TFAH Statement on the Draft House Republican Obamacare Replacement Bill: Our Nation’s Health Will Suffer
Washington, D.C., February 24, 2017 – The below is a statement from John Auerbach, president and CEO, of Trust for America’s Health (TFAH).
“The draft House Republican Obamacare replacement bill—which would eliminate the Prevention and Public Health Fund—would threaten the health of American children, families and communities.

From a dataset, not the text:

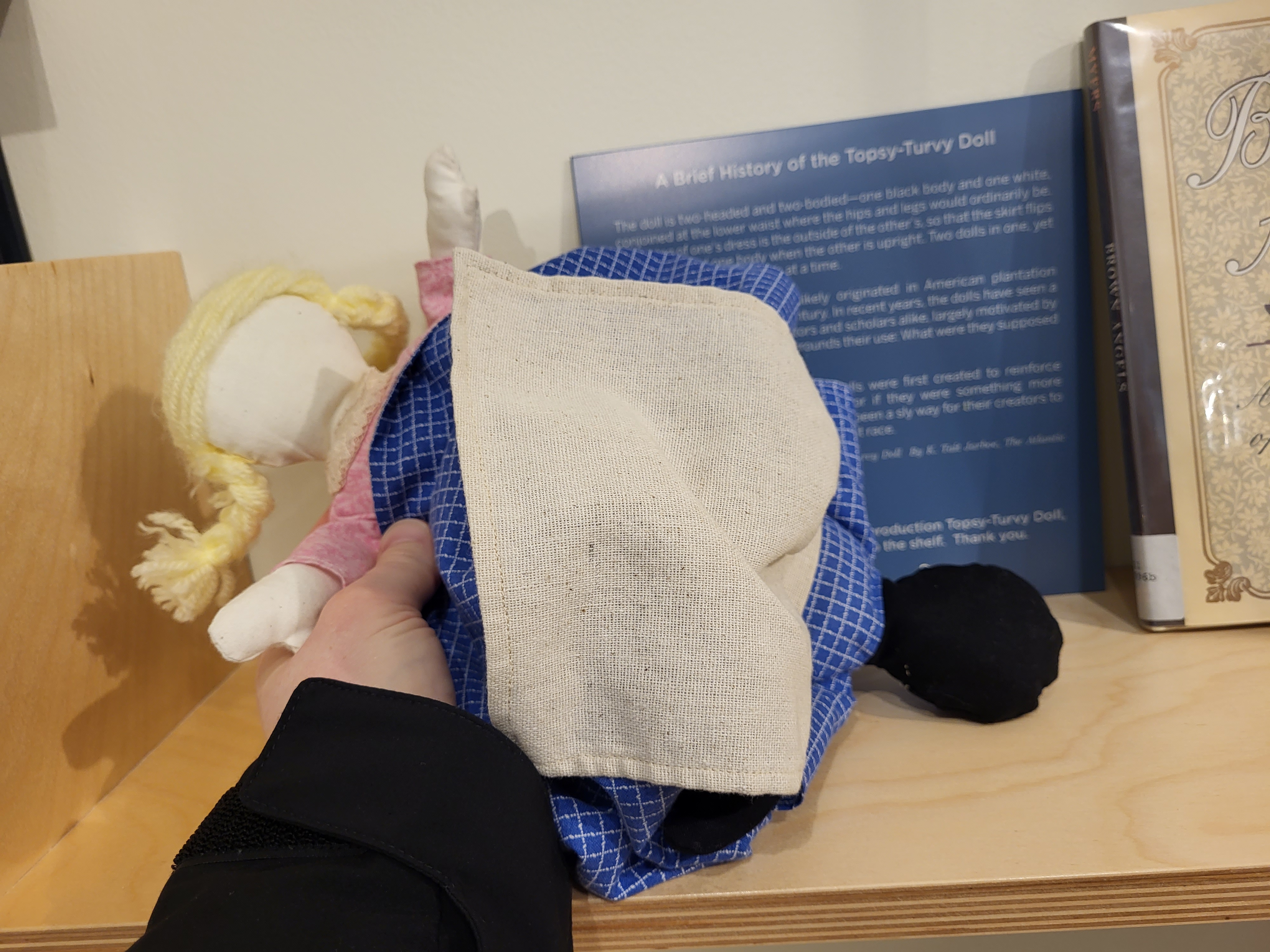 What about physical materials to view? There were only a couple displays of actual objects: a display of objects found in a landfill that probably belonged to an enslaved woman in the 18th century, the above-pictured diorama, and an actually ok interactive kids’ display about life as an enslaved child that asked them questions like “how would you feel if your family was ripped away from you?” and “can you lift this bucket of water?” and “are you too tall to play?” A shelf next to the kids’ display contained a demo Topsy Turvy doll.

Thanks to the Prevention Fund, hundreds of thousands of Americans benefit from increased access to vaccines and other preventive health services. Quite simply, more people are getting and remaining healthy because of the Prevention Fund.
Yet, the proposed replacement bill would eliminate this important Fund and 12 percent of the U.S. Centers for Disease Control and Prevention’s (CDC) budget along with it.
And, without the Prevention Fund, states will lose substantial sums of money—totaling as much as $3 billion over the next 5 years—which fight growing epidemics and emerging diseases.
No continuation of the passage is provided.